Once you reach the line with "Правопреемник Morgan Stanley" below, copy each line exactly, stopping after the line with "Cabaña de dos", and skip any pictures.

AVAILABLE DATA:
+++

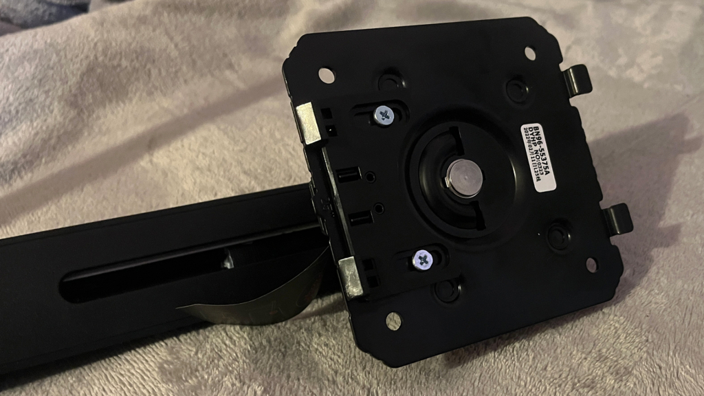 Az összeszerelés nem is lehetne egyszerűbb, a láb becsavarozása után gyakorlatilag csak be kell pattintanunk a fém tartóelemet a monitor hátuljába. Semmi felesleges csavarozgatás, semmi szenvedés, pár perc alatt már az asztalunkon figyelhet a frissen kibontott monitor. A láb kialakításának köszönhetően rettentően stabil, így egy-egy hevesebb pillanatnál sem fog oda-vissza mozogni az asztalon.
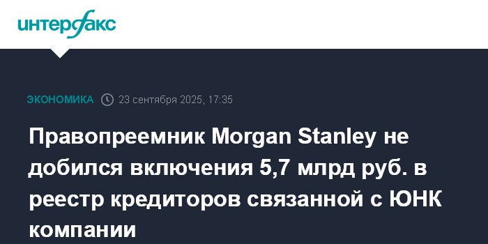 Правопреемник Morgan Stanley не добился включения 5,7 млрд руб. в реестр кредиторов связанной с ЮНК компании
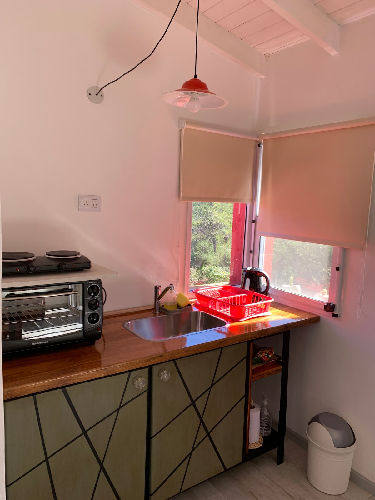 Cabaña de dos ambientes con vista a la sierra, ubicada en complejo de dos cabañas. Cuenta con un dormitorio con cama matrimonial y aire acondicionado frío-calor y un sofá cama en el living con ventilador de techo. Baño completo. Asador exterior individual. Estacionamiento en el predio (techado), Wifi y TV con Direct TV. Piscina descubierta. Horario de ingreso 14 hs, horario de salida 10 hs. Capacidad máxima permitida: 3 personas. No se aceptan mascotas.
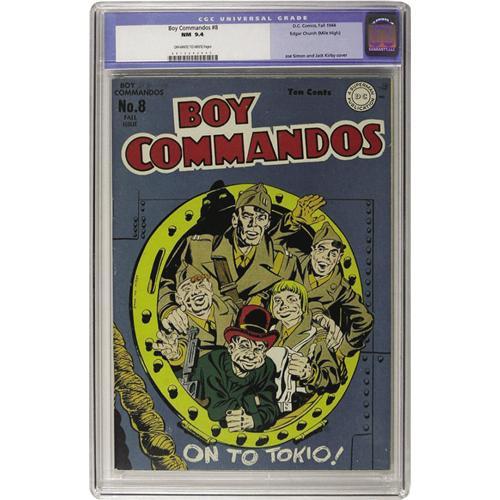 <B>Boy Commandos #8 Mile High pedigree (DC, 1944) CGC NM 9.4 Off-white to white pages.</B></I> The boys are "on to Tokio" (sic) on this great World War II cover by Joe Simon and Jack Kirby. Deep, rich color makes this cover really "pop" - you know you've got an Edgar Church Mile High book with this one! CGC currently lists no higher-graded copies of this issue. Overstreet 2006 NM- 9.2 value = $700. CGC census 6/06: 1 in 9.4, none higher. <BR><BR><B>Important notice:</B> Heritage usually auctions material at the rate of 200-250 lots per hour. On some occasions eBay Live bid software or the Internet may not be able to keep up with the pace of the auction. We recommend placing a realistic absentee bid now as insurance to avoid disappointment. Occasionally the auctioneer may eliminate or reject an eBay Live bid, and the auctioneer may also reopen a lot after the close of the eBay live bidding (usually because we missed an audience bid), and may reject your bid even if it shows you as the winning bidder. By bidding via eBay Live, you agree that Heritage may award the lot to another bidder at its sole discretion under the circumstances described above or any other reasonable circumstances. Since eBay bids are not shown to us until we open the lot on the floor, we treat those bids just like floor bids. In most cases the floor responds before the eBay bid is presented to us, due to Internet lag time, so for consistency we have made it a policy that floor bids are always considered first over tie eBay live bids. Also please note that all Heritage lots purchased through eBay Live carry a 22.5% Buyer's Premium. Please make sure you read the Terms and Conditions before you bid. This lot is being auctioned in conjunction with a live floor auction by Heritage Auction Galleries. All final auction and invoice information will be supplied by Heritage Auction Galleries, and all other information should be considered preliminary. Lot:41001 <BR><BR><B>Winning Notification and Billing:</B> After the FINAL session in this auction is complete, Heritage will send e-mail and snail mail invoices. This process normally takes several days. All final auction and invoice information will be supplied by Heritage Auction Galleries, and all other information should be considered preliminary. <BR><BR>This auction will be conducted on a live auction floor and over the Internet through eBay Live. If you choose to place an absentee bid, please take a moment to <font color='#0000ff'><u><a href='http://pages.ebay.com/liveauctions/help/before/laabsentee.html'>learn how eBay Live absentee bidding works</a></u></font><font color='#000000'>

+++

EXERCISE OUTPUT:
 Правопреемник Morgan Stanley не добился включения 5,7 млрд руб. в реестр кредиторов связанной с ЮНК компании
 Cabaña de dos ambientes con vista a la sierra, ubicada en complejo de dos cabañas. Cuenta con un dormitorio con cama matrimonial y aire acondicionado frío-calor y un sofá cama en el living con ventilador de techo. Baño completo. Asador exterior individual. Estacionamiento en el predio (techado), Wifi y TV con Direct TV. Piscina descubierta. Horario de ingreso 14 hs, horario de salida 10 hs. Capacidad máxima permitida: 3 personas. No se aceptan mascotas.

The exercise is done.